In Meeting Interaction:
When the meeting starts, you are notified that Facilitator is running via an in-app notification. Note the meeting does not need to be recorded for this to be active. You also see this indicator under the notes section at the right of the meeting pane.

By the way, if you join a meeting where Facilitator is not active, you can enable it anytime from the menu under “…more”.

You still get a notification when Facilitator is running, and it will period chat to you in the meeting chat to keep you updated on the meeting.

Facilitator in Meeting

In Meeting – Meeting Notes and Actions Beng taken by Facilitator

Actions Generated by Facilitator

During the meeting (and afterwards, which you can find by going back to the meeting in your calendar), you can view and of course edit the notes, actions and also see any “related” content and “insights” that Facilitator has sufaced that it “thinks” might be relevant to the meeting dsicussion you have been in. These notes are captured in a Loop Space which is stored on the meeting organisers OneDrive and shared (automatically) with all meeting participants.

Post Meeting Notes, Actions and Insights.

Facilitator Agent Use Cases

I use this in most meetings but there are loads of use cases I see and hear about.

  • Daily stand-ups or project huddles to log progress and blockers
  • Customer calls and scoping meetings capturing commitments and next steps to eliminate follow-up churn
  • Project update or planning calls.

Facilitator Agent – What is Coming (Roadmap)

This is in preview and will be fully rolled out (GA) by September, and there are a few thinsg still nt he works which I expect will be out soon enough.

  • Editable Canvas for Chat Notes: AI notes in chats will move to an editable canvas backed by SharePoint Embedded.
  • Teams Rooms Integration: Facilitator will also (now in Preview) support ad-hoc and scheduled meetings in Teams Rooms, with QR code invites and speaker attribution.
  • Improved Compliance: Sensitivity label inheritance and enhanced governance via Microsoft Purview will be supported.

Q & A

Q: Is the Facilitator Agent just a rebrand of the previous AI notes feature?
A: It builds on that toggle but expands into a full-blown agent. Beyond post-meeting summaries, Facilitator prompts agendas, generates live recaps, drives collaboration via Loop, and integrates with Teams Rooms by QR code.

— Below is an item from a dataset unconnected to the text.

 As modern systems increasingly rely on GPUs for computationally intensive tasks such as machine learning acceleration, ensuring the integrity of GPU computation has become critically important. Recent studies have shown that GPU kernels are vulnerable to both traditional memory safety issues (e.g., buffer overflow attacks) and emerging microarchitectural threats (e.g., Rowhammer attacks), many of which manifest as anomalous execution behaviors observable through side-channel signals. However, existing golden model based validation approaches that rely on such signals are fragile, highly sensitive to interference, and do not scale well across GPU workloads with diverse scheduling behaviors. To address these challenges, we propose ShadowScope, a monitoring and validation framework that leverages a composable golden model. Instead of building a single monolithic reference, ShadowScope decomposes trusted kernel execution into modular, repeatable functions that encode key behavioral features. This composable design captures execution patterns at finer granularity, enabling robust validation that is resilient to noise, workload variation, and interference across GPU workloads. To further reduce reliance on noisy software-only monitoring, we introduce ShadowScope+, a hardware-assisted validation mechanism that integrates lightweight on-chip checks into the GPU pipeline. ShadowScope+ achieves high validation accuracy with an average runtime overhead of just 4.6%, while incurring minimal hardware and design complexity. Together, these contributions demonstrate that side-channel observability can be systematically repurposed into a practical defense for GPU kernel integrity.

Q: How does it differ from using Copilot in a Teams meeting?
A: Copilot in a meeting is a private assistant—only you see its responses. Facilitator operates in the group context: prompts, highlights, and action items appear for everyone to view and edit in real time.

Q: What’s the added value over just recording and transcribing?
A: Recording and transcription are passive: you consume them after the fact. Facilitator is proactive—drafting agendas, nudging for goals, surfacing decisions, and giving every attendee an editable canvas mid-meeting.

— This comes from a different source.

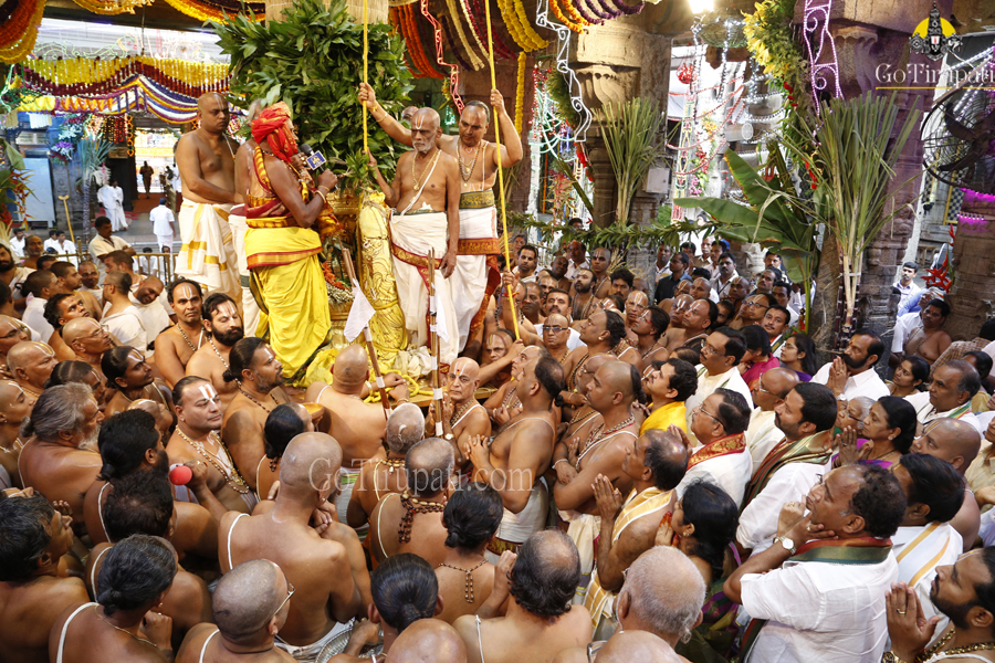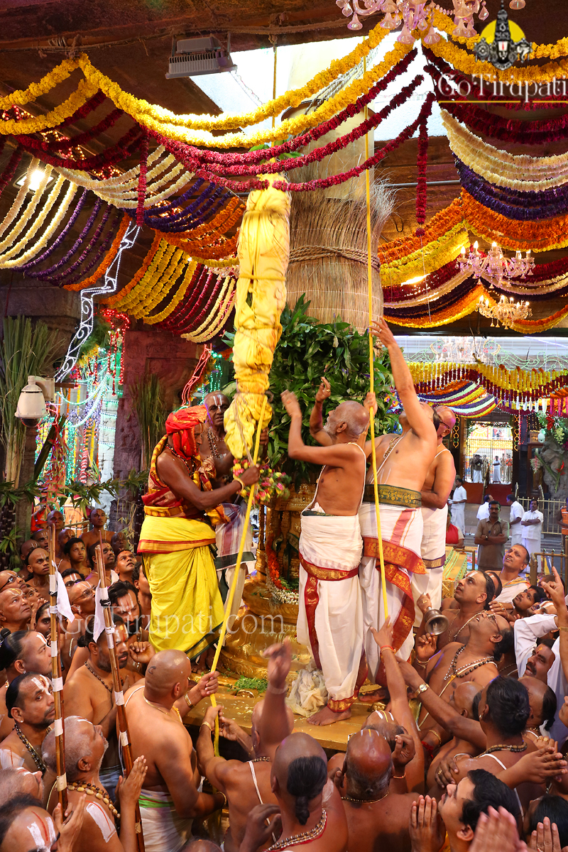 Dhwajarohanam has been carried out in a religious atmosphere amidst the chanting of Vedic mantras by the Archakas of the temple at the Dwajasthambham, near the Nadimi Padi Kavili inside the temple complex. The temple priests hoisted the celestial flag atop the temple pillar between 5pm to 5.30pm.

Q: Where does Intelligent Recap fit in?
A: Intelligent Recap synthesizes speech and on-screen visuals after the meeting ends. Facilitator closes the loop instantly – keeping the conversation structured, accountable, and collaborative from start to finish.

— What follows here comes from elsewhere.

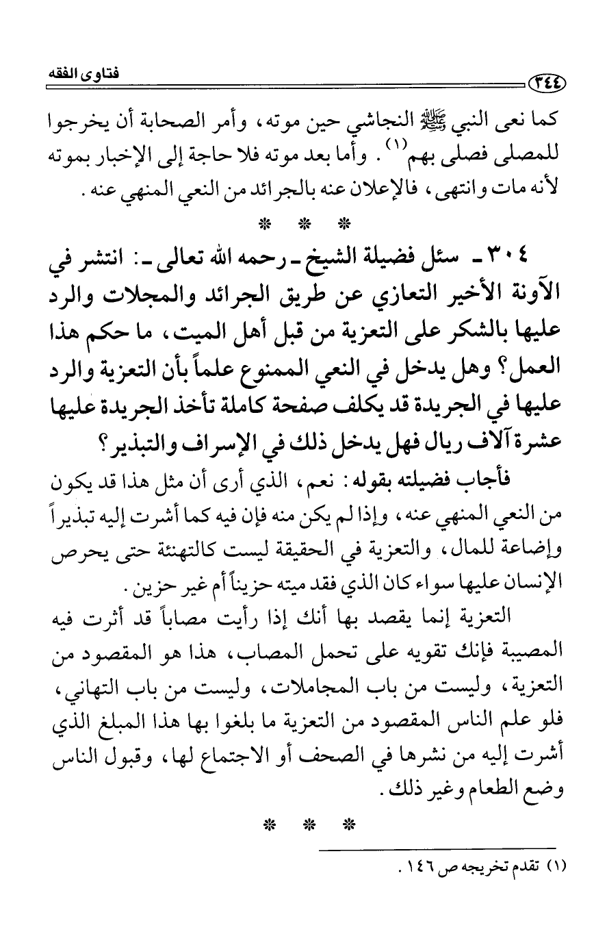 سئل فضيلة الشيخ رحمه الله تعالى: انتشر في الآونة الأخير التعازي عن طريق الجرائد والمجلات والرد عليها بالشكر على التعزية من قبل أهل الميت، ما حكم هذا العمل؟ وهل يدخل في النعي الممنوع علماً بأن التعزية والرد عليها في الجريدة قد يكلف صفحة كاملة تأخذ الجريدة عليها عشرة آلاف ريال فهل يدخل ذلك في الإسراف والتبذير؟

Q: What are the alternatives to Facilitator Agent?

1. Native recording + transcription then manual or Copilot/ChatGPT note generation
2. Intelligent Recap for post-meeting slide and data context
3. Private Copilot chats for ad-hoc AI queries
4. Manual note-taking or shared OneNote pages
5. Third-party assistants like Otter.ai or Fireflies.ai

Q: Do I need a Copilot license to use the Facilitator Agent?
A: Any user who initiates or edits AI-generated notes in meetings or chats must have a Microsoft 365 Copilot license. Unlicensed participants can view meeting AI notes but cannot start or edit them.

Q: What about in-person meetings?
A: Coming soon – a new feature in the Teams mobile app will let you start a dedicated in-person meeting with Facilitator right from your phone. This will then kick off a recorded, transcribed session – again with real-time agendas, notes, and follow-up tasks. When you end the meeting, notes save automatically and a “in the past” calendar event is created—everything is surfaced in Recap. – This will requires a Copilot license and is due to be in preview Auguist/Sept – I’ve seen it but don’t have it yet myself!